White Water is the first of four commissions for Chamber Music Monterey Bay's "Arc of Life" project. The artist Bill Viola shared excerpts from his video installation "Going Forth by Day" — a depiction of life in all its stages — with the four commissioned composers to serve as their inspirational focal point. The Bill Viola Studio will make still images from "Going Forth by Day" available to presenters for their audiences at performances of these pieces.

Composer note:
When I saw [Bill] Viola's work, I was quite fascinated with how he used water as an encompassing image which influenced everything I saw about the "person" inside the water. My piece is not directly associated by what he specifically did but it does have a strong connection to the image of water as a powerful basic idea and action.
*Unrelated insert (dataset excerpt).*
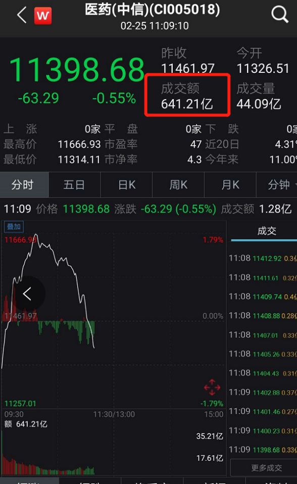 从行业板块看,医药股指数盘中涨超1.79%,随后指数下跌,截至11点左右,医药板块成交破600亿。

The many glissandos hopefully create a "fluid" environment that connects the various ideas and registers together, while "white water" somehow implies more rapid "cascading" types of action which occur throughout the piece.

— Joan Tower

At Carmel's Sunset Center last night, Chamber Music Monterey Bay and the Daedalus Quartet unleashed a world premiere performance of Joan Tower's string quartet, White Water. I use the word "unleashed," because what we heard was a bold dramatic work full of suppressed violence straining to burst its bounds. This work alternates between many emotions, some of which are enigmatic, dazzling, disturbing, serene, and virtuosic to the extreme, but also totally absorbing. White Water grabs you by the throat and commands your attention for approximately twenty minutes, and seemingly only a brief twenty minutes at that. The first impression given by this work is how beautifully effective it sounds. To what degree this was determined by Tower's skill in writing for string instruments or the fabulous playing of the members of the Daedalus Quartet, was difficult to say. The work itself and the performers seemed to be totally together as one. The work began with a lovely viola solo by Jessica Thompson consisting of a scale-like melody, echoed by the other instruments that always seemed to be thrusting upwards, sometimes diatonically, sometimes chromatically and sometimes as eerie glissandos. Also quite memorable was a lovely cello solo by Thomas Kraines and the rich pure sound of violinist Min-Young Kim. The cumulative effect of the white-hot energy generated by this work drew a warm response from the audience both for the performance and for the appearance on stage of composer Joan Tower.